Вот оно что! У Валерика отлегло от сердца. Директор имел пунктик насчет внешнего вида. На видном месте были написаны слова Чехова о том, что в человеке должно быть все прекрасно. Повсюду: в коридоре, в столовой, в туалетах поблескивали зеркала. Переступил порог школы — взгляни на себя, может, тебе срочно требуется зайти в умывальную комнату. Авенира Александровича за его пунктик ученики иногда называли Сувениром. Всегда в новеньком, тщательно отутюженном, скрипучем и блестящем, он и в самом деле напоминал дорогую, изящную вещь из магазина подарков.
Несколько лет назад Авенир Александрович загорелся идеей создать самый большой в городе хор. Конечно же, это оказалось не таким простым делом, ведь школа не была самой большой в городе, поэтому директор частенько сам следил за тем, как проходят занятия, заботился о посещаемости. Сказав, что еще заглянет, он ушел по своим делам, а руководитель хора Ангелина Анатольевна начала репетицию.
Разучивали песню о собаке. Песня, в принципе, нравилась Валерику, хотя она была для малышей. Все равно в этот день ему было не до песен. Он и не пел, просто стоял, думал о своем.
— Мальчик, ты каким голосом поешь?
— Нормальным.
— Я спрашиваю, первым или вторым?
— Вторым, наверно, — сказать «первым» Валерику показалось почему-то нескромным.
— Ну, тогда встань вот сюда и пой вторым. — Ангелина Анатольевна переставила его в другую шеренгу.
Пропели куплет, и Ангелина Анатольевна, вздохнув, сказала своим мягким красивым голосом:
— В кошмарном сне такое не приснится… Послушайте, как я спою. — Она легонько пробежала кончиками пальцев по лебедино изогнутой шее, как бы настраивая голос, касаясь невидимых колков, тряхнула рукой и запела. Пела она хорошо, и Валерик со злой иронией подумал: «Вот и пела бы одна, зачем заставлять делать других то, с чем и сама хорошо справляешься».
Куплет пропели еще раз. Ангелина Анатольевна сказала:
— Вы лаете, а не поете.
— Песня-то про собаку, — брякнул Валерик.

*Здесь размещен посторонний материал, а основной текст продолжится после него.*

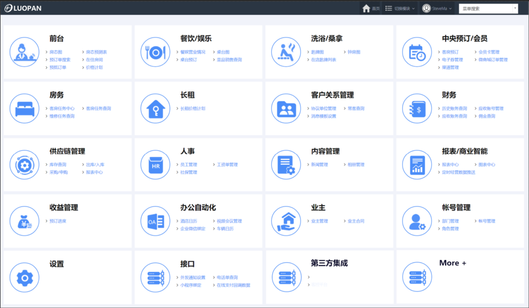 罗盘一体化酒店管理系统面向大住宿行业提供包含PMS、POS、CRS、SCM、SPA、集团管理、直销、会员营销等模块化软件应用的一站式酒店管理解决方案,支持公有云、私有云、区域云、本地化或者混合云多种部署方式,助力酒店实现端到端高效运营,高质量收益增长与卓越的宾客体验。

Все засмеялись. Не надо было так шутить, не в его положении… Самое лучшее — тихонечко стоять, посапывать в две дырочки и делать вид, что поешь. Но такой уж он есть, Валерик, — будто кто подталкивает всегда. Ангелина Анатольевна обиженно моргала коровьими ресницами: за что же он ее так? Она ведь такая, в принципе, добрая. Валерик делал вид, что поет, в то же время думал о том, что вот он стал почти взрослым, а все равно сам себе не хозяин и что, наверно, жизнь так несовершенно устроена: все мечтают об одном, а делают совершенно другое. Никто не знает, никто не догадывается, как он сейчас несчастен. Никому нет до него дела. Никто не знает о его тайных мыслях и страхах, а если бы знали, тогда бы, конечно, поняли его, посочувствовали бы, помогли. Не он один, естественно, нуждается в понимании. Послушать Вадима Петровича, так все. Трава нуждается в понимании, чтобы ее не мяли, дерево — чтобы не рубили. Только не всем дано почувствовать это. Вот Шагалу — да… На какое-то время Валерик забылся, увлекшись своими мыслями. Шагал, размышлял он, может угадать самое сокровенное желание человека. Но и не только человека… У коровы, лошади, цветка тоже могут быть сокровенные желания. Вообще у любого предмета… Думают, наверно, не только люди и дельфины. Вот Шагал корову рисовал… Корова целый день бродила по дальним пастбищам, пыльным дорогам, она устала, сбила копыта, но близок уже дом, отдых. Ей мнится чистый хлев, хозяйка с подойником и белым полотенцем; щекочет ноздри душистый запах сена… И цветок думает, думает по-своему. Шагал писал цветы. У цветка не мысль, а зачаток ее, немного мысль, немного чувство. И камень думает. Но мысль у камня примитивная и страшно замедленная, одна на всю жизнь затвердела. Лежит какая-нибудь глыба на краю вершины и думает-мечтает, чтобы ее кто-нибудь слегка подтолкнул. Эх, как бы она лихо покатилась вниз, прыгая затяжными с замиранием духа прыжками. Тысячи лет проходят для камня быстро, как один день, он стареет от дождя и ветра, от солнца и мороза, и вот уже появляются трещинки-морщинки, которые раскалывают его на части, камни-дети, а мечта так и остается мечтой.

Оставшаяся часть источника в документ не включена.